11:00 - 12:00: But, as I say, we mainly - most of the work we do looking after embedded is making sure that the work which is really geared towards server doesn't damage embedded too much. We don't actually spend much of our time overtly trying to improve embedded systems. It's just, "Let's work on server stuff, and not damage embedded too much".
And that's unfortunate.
I can't really identify anybody who sits there and works on the Linux kernel specifically to make it better for embedded systems. There're a lot of people who work down in the architecture code, and devices drivers, and all sorts of things, that are keyed towards embedded. But there is no single person I can go to who is *the* embedded maintainer.
12:00 - 13:00: Now a number of the embedded guys do work on embedded peripherally. David Howells who looks after two of the embedded architectures, for example, does a bit of work on the no-MMU port, and on various executable file formats, and things. But there's no single person sitting there on top of the Linux kernel who is the go-to person to look after embedded, to add new embedded features to the core kernel, etc.
Matt Mackall was doing it for a while, I believe under contract with CELF. But that's certainly not a full-time effort.

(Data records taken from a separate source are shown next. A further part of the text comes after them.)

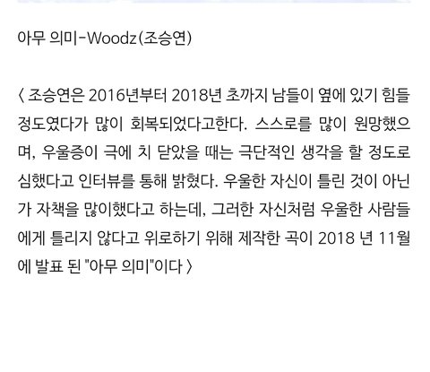 야.. 무조건 우울증=자살 이건 아니야ㅋㅋ.. 슬프고 우울한 본인 모습도 굳이 지워낼 것 없이 본인이라고 받아들이는 사람이 있는 거야 조승연처럼.
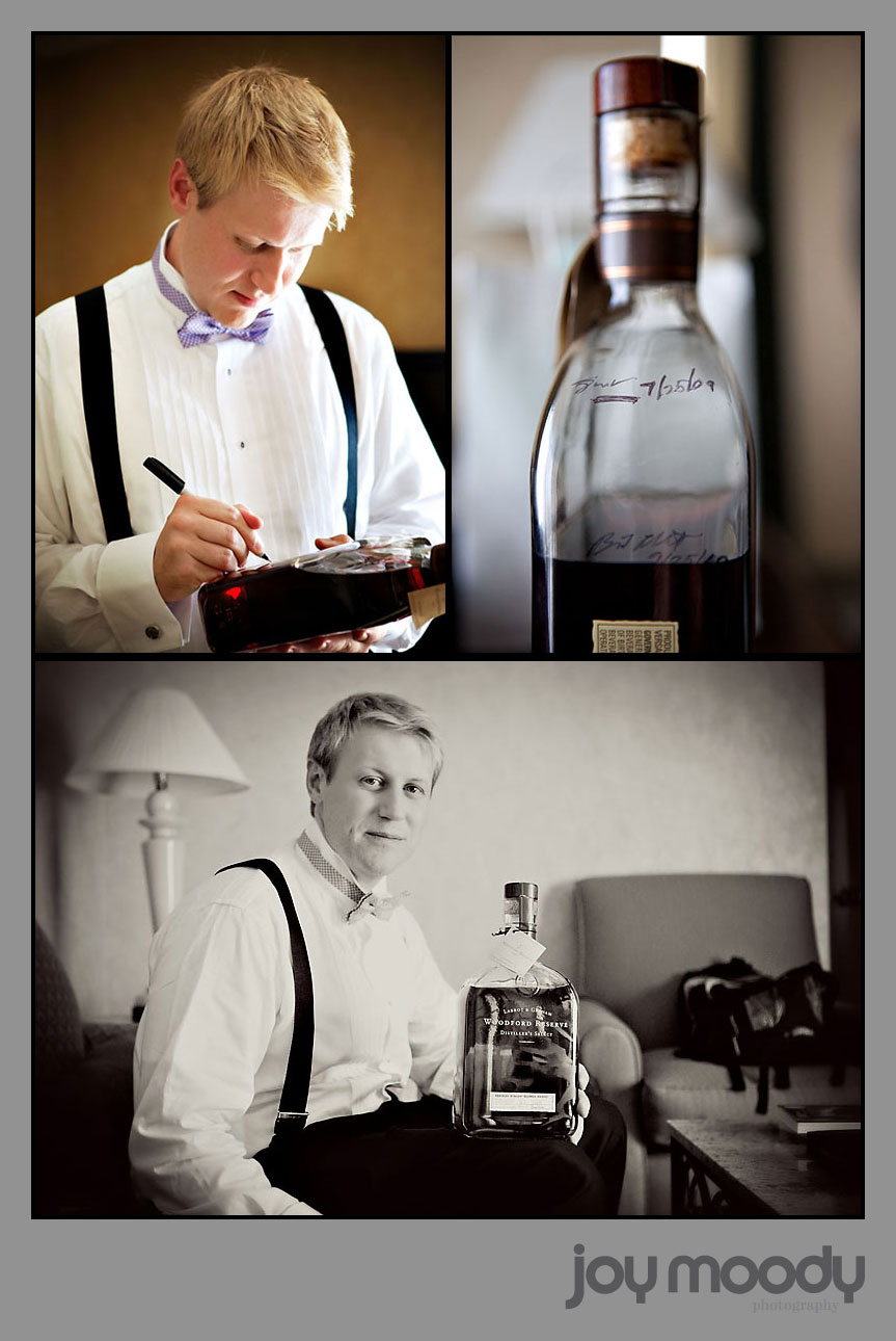 Brent and his buddies have a tradition of toasting with a special bottle of bourbon and signing it on their wedding day.
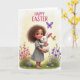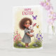 This design shows a young girl with rich, curly brown hair and wide brown eyes, her rosy cheeks close to a white rabbit she’s hugging with a gentle, affectionate hold 🐰. The rabbit rests calmly in her arms, with soft-looking fur and pale pink inner ears that lean toward her as if it trusts her completely. Warm daylight washes over the scene, giving their faces a soft glow that feels like a quiet moment shared between close friends. Along the top, a festive greeting sits centered in rounded, uppercase letters in a bright, sunny color that stands out against the light sky. Below them stretches a spring meadow of fresh green grass with a few smooth gray stones, where fuchsia blossoms cluster on the left and small purple flowers gather on the right 🌷. Near the upper area, two butterflies flutter through the air—one purple and one yellow-orange—adding small sparks of motion around the pair. The girl’s arms curve protectively around the rabbit, and the rabbit’s head tilts inward, creating a tender, close-up focal point. The background stays airy and light, with the colorful flowers, stones, and butterflies framing the girl and rabbit in the center.
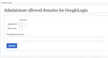 The list of domains, which are allowed to login with Google, are managed in an array in the LocalSettings.php (the $wgGLAllowedDomains configuration option). Since version 0.4.0, GoogleLogin also provides a way to manage the list of allowed domains on the wiki itself. The allowed domains are saved in the database when this feature is enabled and can be change (remove/add) through a graphical user interface (a special page) or through the MediaWiki API.

So, I think if we did have one person who was the embedded top level person, not oriented towards any particular architecture, that person would be pretty effective. There's a lot of work they could do to make significant benefit for the overall embedded users of the kernel.
13:00 - 14:00: [Slide 5 - How you can help kernel.org development]
Now if you are, for example, a person who is developing an embedded product for a company, that's based on Linux; If you're generally interested that Linux will run as well as possible on your product - We need your help.
And generally people think help means sitting down until 2:00 o'clock in the morning writing kernel patches and sending them to Andrew. But that's not necessarily the case. There are a lot of things that people can do which are [???] than sitting down and writing patches.
One is simply telling us what your pain points are - what the Linux kernel is not doing for you as well as you would like it to do. Often we just don't know. Some people know, for example, that boot-up time is a problem.
14:00 - 15:00: But people don't really think about it a lot while they're coding. Nobody actually sits there and tries to optimize bootup time.
We know about memory footprint - always careful about that. But we're not particularly sophisticated in addressing the needs of embedded. So it would really help if we had some people - some more senior, sophisticated people - who have experience in the embedded world, simply to tell us when we're doing things wrong. To tell us what features are important to them and what aren't. Simply so we can prioritize our work in a way that optimizes the kernel for embedded platforms.
Tell us what we're missing - I mean, I don't think I've seen anybody come up and say, "Look WindRiver, or PSOS or whatever does this, that and that, and Linux doesn't. And it's a gap."
If you think there are things that Linux should do which competitive operating systems do, well, let us know. We might not do anything about it, but at least we'd know about it and over time, people will help prioritize people's work.
15:00 - 16:00:
And, help people understand what things are beneficial to the most number of users as they work on the Linux kernel.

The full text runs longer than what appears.